• _Extracted information_:
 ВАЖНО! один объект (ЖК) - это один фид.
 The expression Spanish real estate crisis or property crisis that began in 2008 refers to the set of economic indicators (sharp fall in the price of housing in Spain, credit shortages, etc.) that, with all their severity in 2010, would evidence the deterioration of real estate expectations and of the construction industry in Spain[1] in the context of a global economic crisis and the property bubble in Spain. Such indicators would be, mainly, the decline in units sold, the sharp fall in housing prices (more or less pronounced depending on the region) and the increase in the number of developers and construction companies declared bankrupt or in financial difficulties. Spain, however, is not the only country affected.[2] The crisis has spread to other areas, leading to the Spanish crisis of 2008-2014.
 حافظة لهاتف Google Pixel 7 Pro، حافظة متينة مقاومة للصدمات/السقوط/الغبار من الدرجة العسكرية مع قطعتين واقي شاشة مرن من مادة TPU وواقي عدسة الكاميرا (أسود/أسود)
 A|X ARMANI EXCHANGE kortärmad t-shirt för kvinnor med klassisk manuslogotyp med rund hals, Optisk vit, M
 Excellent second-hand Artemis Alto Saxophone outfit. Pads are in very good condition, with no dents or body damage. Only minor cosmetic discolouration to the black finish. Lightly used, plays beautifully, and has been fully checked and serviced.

==

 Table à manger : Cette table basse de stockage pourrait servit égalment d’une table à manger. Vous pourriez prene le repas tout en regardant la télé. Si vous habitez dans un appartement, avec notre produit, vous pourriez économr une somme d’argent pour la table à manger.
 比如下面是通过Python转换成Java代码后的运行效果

• _What to do_: All that belongs in the answer is the run of lines above from the line containing "ВАЖНО! один объект (ЖК) - это один фид." through the line containing "The expression Spanish", exactly as written.

• _Completed exercise_:
 ВАЖНО! один объект (ЖК) - это один фид.
 The expression Spanish real estate crisis or property crisis that began in 2008 refers to the set of economic indicators (sharp fall in the price of housing in Spain, credit shortages, etc.) that, with all their severity in 2010, would evidence the deterioration of real estate expectations and of the construction industry in Spain[1] in the context of a global economic crisis and the property bubble in Spain. Such indicators would be, mainly, the decline in units sold, the sharp fall in housing prices (more or less pronounced depending on the region) and the increase in the number of developers and construction companies declared bankrupt or in financial difficulties. Spain, however, is not the only country affected.[2] The crisis has spread to other areas, leading to the Spanish crisis of 2008-2014.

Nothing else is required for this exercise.